Before this law was enacted, if a United States citizen spouse died within two years of marriage, the ability of the alien spouse to obtain immigration benefits ended. The new law allows for widows and widowers, as well as their unmarried children under the age of 21, to self-petition for permanent residence regardless of the amount of time the couple had been married, provided they demonstrate that the marriage was entered into in good faith, and provided they file the self-petition within two years of the death of their spouse. Also, the new law allows the beneficiaries or derivative beneficiaries of immigration benefits to continue to qualify for benefits, including some non-immigrant visa categories, after the death of the primary beneficiary or applicant.

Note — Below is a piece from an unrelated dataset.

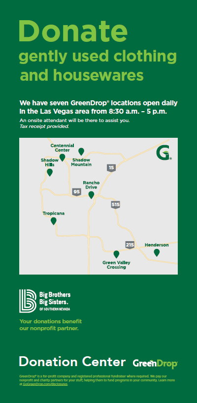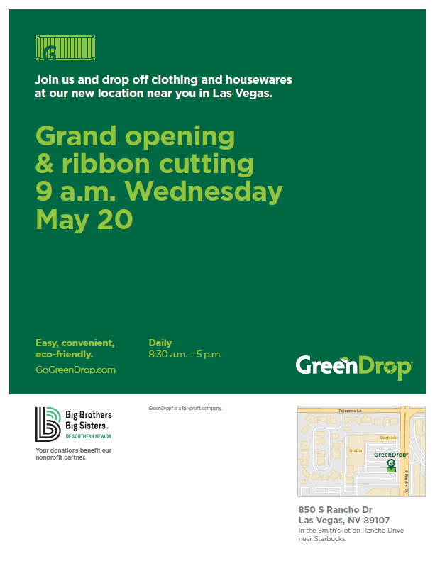 | 5/20/2026 | GreenDrop® donation centers offer the surrounding community a place to donate gently used clothing and household items they no longer need to Big Brothers Big Sisters of Southern Nevada. GreenDrop® is a for-profit company accepting these items on behalf of Big Brother Big Sisters, paying them for the goods, helping to fund their critical programs for youth in the community. Those items are then made available for purchase in secondhand thrift stores or wholesale markets, helping to keep reusable items out of landfills. GreenDrop is good for everyone! Open daily from 8:30 am to 5pm. PLEASE JOIN US FOR THESE TWO RIBBON CUTTING CELEBRATIONS! The more the merrier! Refreshments will be served! Please consider bringing a donation bag! more info... |

The passage of this new law was necessitated by court action, as three federal appeals courts disagreed with the government’s position, finding that the way the prior law was written allowed for the term “spouse” to include “surviving spouses,” as it does in its common usage. Because of the split in federal court treatment on this issue, it may have been ripe for review before the Supreme Court, had Congress not enacted this change, to remove the widow penalty altogether. This new law also follows a drastic change in policy announced this summer as a way to ameliorate the unfair treatment widows were receiving.

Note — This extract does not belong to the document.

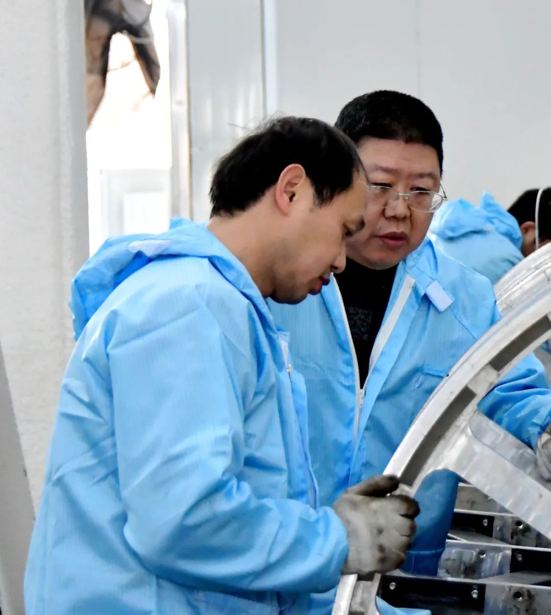 為確保各項科研生產(chǎn)任務高質(zhì)量、高標準按時履約交付,春節(jié)期間,紅林公司部分干部職工堅守崗位,他們嚴格按程序、按制度、按標準加工每一件產(chǎn)品,對待每一道工序,全力奮戰(zhàn)開門紅。圖為裝配檢驗班組職工正在仔細校對零件數(shù)據(jù)。(圖文/尹旋坤)

On June 9, 2009, a landmark change in U.S. immigration policy related to the “widow penalty” was issued in a press release from Department of Homeland Security Secretary Janet Napolitano. In it, she described a complete reversal on the part of the government to allow for some benefits to spouses of U.S. citizens who pass away before they have been married for two years, this also applied to their single children who are under 18 at the time of the marriage. The way the law previously worked, was that an alien who was married to a U.S. citizen could be the beneficiary of an immigrant visa petition, and on that basis (without having to wait for a visa number to become available) could apply for a green card. However, the law at the time specifically stated that where the U.S. citizen spouse dies, the foreign spouse can only benefit based on the marriage if they had been married for two years prior to the death of the citizen, they were not at that time legally separated, and the citizen actually filed an immigrant visa petition on their behalf.